> **DIRECTIONS**:
For the material below, output exactly the span from the line with "キャンプやバーベキューなどが" to the line with "夏新款烫钻网纱圆领短袖工艺t恤女时尚修身打底衫潮 服裝批發女裝批發服飾貨源", including both, and nothing besides.

> **SOURCE MATERIAL**:
# # # # # # #
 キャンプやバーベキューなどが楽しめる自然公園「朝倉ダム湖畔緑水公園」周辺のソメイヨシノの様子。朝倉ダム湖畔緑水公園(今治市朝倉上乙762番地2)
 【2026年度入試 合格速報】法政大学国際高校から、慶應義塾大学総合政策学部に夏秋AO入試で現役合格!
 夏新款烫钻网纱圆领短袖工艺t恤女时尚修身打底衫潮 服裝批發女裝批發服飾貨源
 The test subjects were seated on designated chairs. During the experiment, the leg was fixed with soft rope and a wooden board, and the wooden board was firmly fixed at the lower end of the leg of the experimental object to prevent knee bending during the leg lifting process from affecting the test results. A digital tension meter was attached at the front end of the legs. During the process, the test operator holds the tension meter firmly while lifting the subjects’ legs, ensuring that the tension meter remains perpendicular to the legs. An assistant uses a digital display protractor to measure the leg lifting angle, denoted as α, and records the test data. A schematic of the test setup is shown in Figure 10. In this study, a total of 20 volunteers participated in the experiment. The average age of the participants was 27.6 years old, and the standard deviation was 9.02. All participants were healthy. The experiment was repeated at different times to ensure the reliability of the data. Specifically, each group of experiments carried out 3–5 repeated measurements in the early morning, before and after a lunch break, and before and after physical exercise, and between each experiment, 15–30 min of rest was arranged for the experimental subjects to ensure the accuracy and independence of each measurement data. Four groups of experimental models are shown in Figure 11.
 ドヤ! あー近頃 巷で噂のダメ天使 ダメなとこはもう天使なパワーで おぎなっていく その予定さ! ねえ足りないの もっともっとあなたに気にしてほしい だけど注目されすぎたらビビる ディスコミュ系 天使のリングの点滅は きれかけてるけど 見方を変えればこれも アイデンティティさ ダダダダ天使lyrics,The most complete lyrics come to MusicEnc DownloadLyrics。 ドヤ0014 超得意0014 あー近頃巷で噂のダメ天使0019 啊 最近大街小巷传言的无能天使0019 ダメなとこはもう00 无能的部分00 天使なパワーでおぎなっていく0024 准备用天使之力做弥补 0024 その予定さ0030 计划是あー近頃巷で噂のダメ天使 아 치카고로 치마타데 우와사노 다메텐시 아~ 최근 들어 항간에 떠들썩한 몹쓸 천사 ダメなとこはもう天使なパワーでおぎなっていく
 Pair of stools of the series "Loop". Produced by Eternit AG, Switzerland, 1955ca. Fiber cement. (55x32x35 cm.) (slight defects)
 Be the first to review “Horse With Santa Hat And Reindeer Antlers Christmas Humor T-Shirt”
# # # # # # #
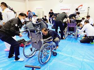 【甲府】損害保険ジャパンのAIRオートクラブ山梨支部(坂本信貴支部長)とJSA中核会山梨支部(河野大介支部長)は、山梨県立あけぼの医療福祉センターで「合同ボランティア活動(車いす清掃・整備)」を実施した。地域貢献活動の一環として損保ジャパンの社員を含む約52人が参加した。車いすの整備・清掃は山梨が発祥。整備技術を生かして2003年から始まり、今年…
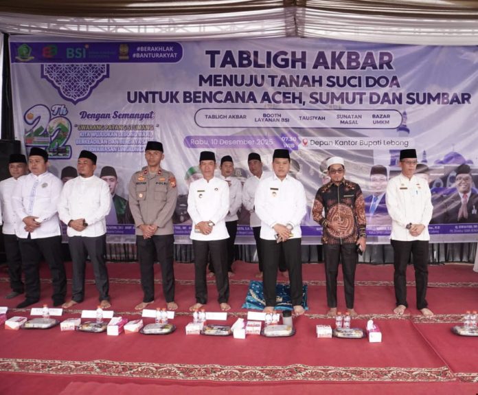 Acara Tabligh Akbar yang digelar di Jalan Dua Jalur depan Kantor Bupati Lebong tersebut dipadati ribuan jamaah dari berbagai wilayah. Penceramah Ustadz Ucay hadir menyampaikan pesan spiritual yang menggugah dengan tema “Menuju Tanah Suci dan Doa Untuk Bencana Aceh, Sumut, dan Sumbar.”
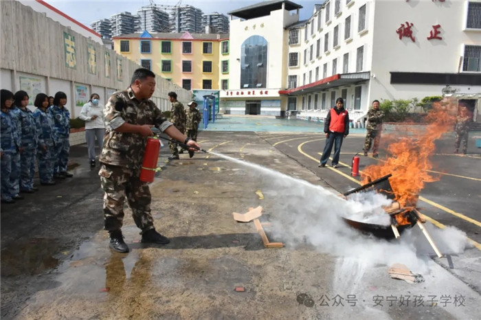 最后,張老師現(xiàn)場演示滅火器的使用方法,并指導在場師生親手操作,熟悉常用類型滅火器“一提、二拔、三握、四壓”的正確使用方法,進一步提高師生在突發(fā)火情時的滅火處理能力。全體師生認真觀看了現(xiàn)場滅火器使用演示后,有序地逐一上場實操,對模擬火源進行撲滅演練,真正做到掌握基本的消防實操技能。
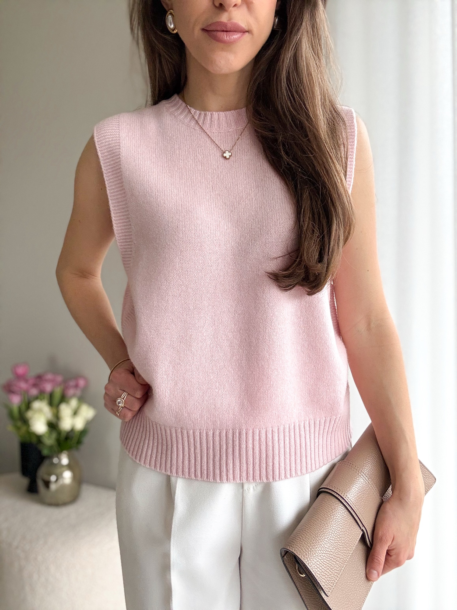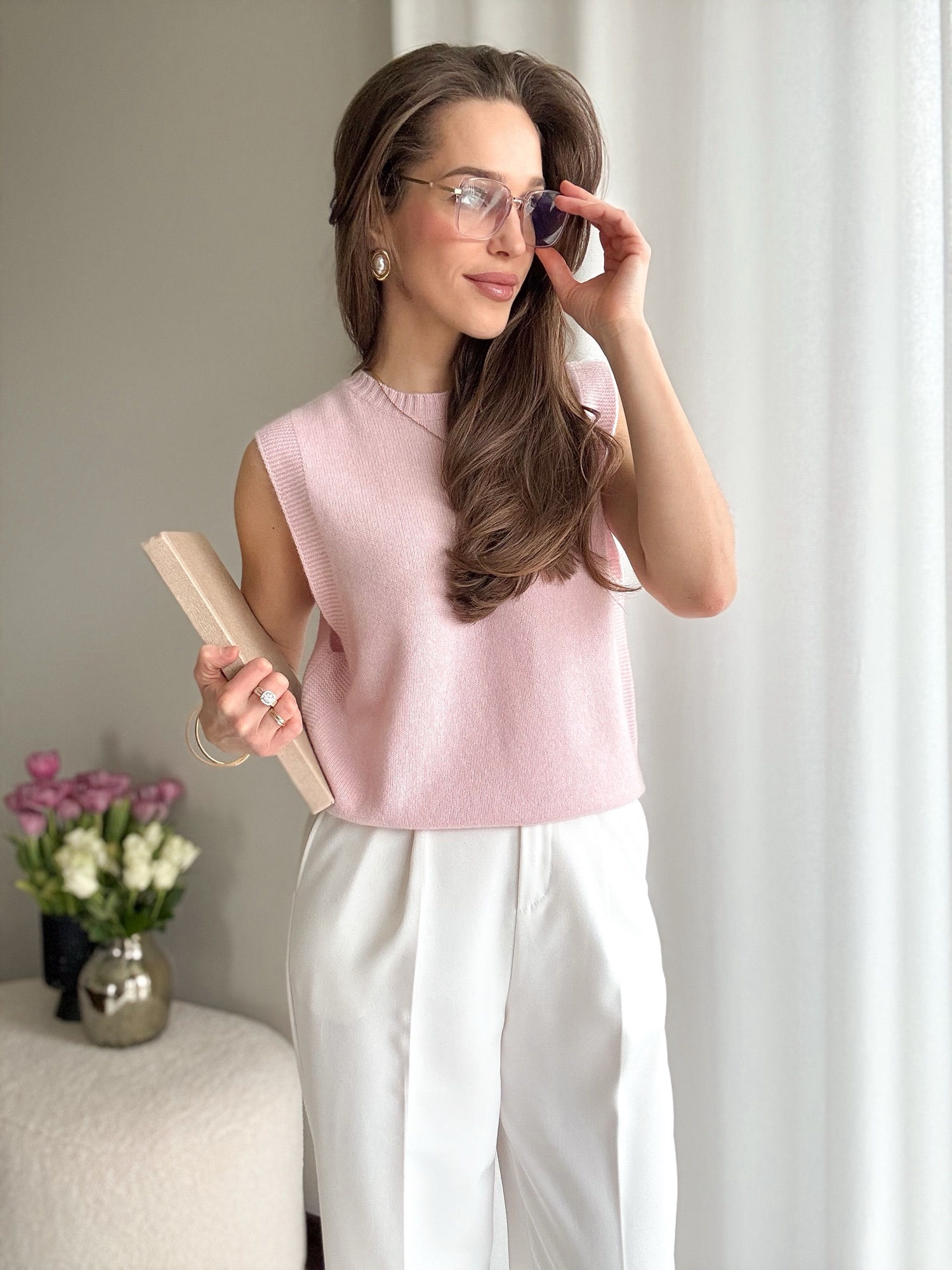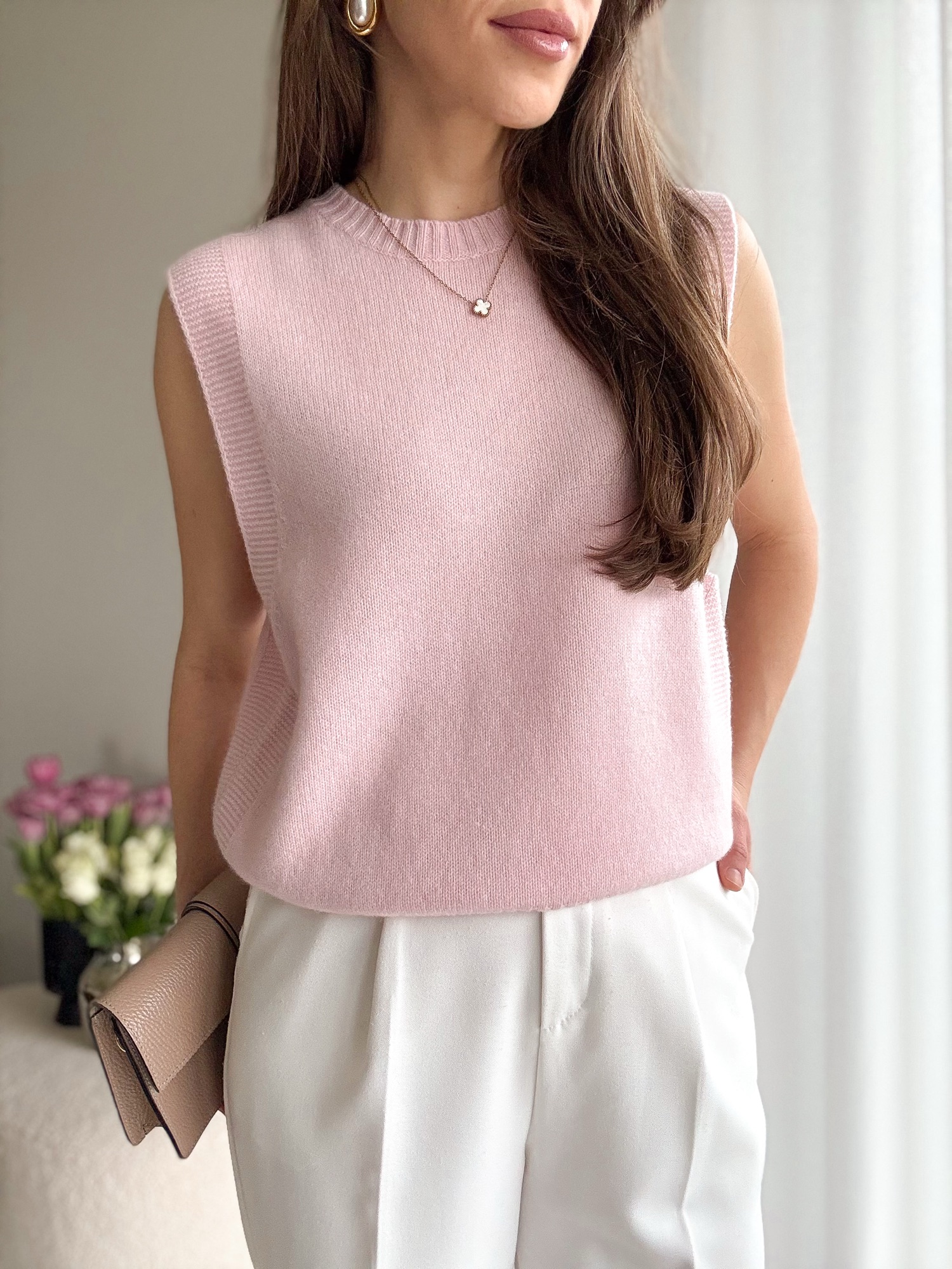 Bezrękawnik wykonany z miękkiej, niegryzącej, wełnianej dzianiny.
# # # # # # #
> **TASK RESULT**:
 キャンプやバーベキューなどが楽しめる自然公園「朝倉ダム湖畔緑水公園」周辺のソメイヨシノの様子。朝倉ダム湖畔緑水公園(今治市朝倉上乙762番地2)
 【2026年度入試 合格速報】法政大学国際高校から、慶應義塾大学総合政策学部に夏秋AO入試で現役合格!
 夏新款烫钻网纱圆领短袖工艺t恤女时尚修身打底衫潮 服裝批發女裝批發服飾貨源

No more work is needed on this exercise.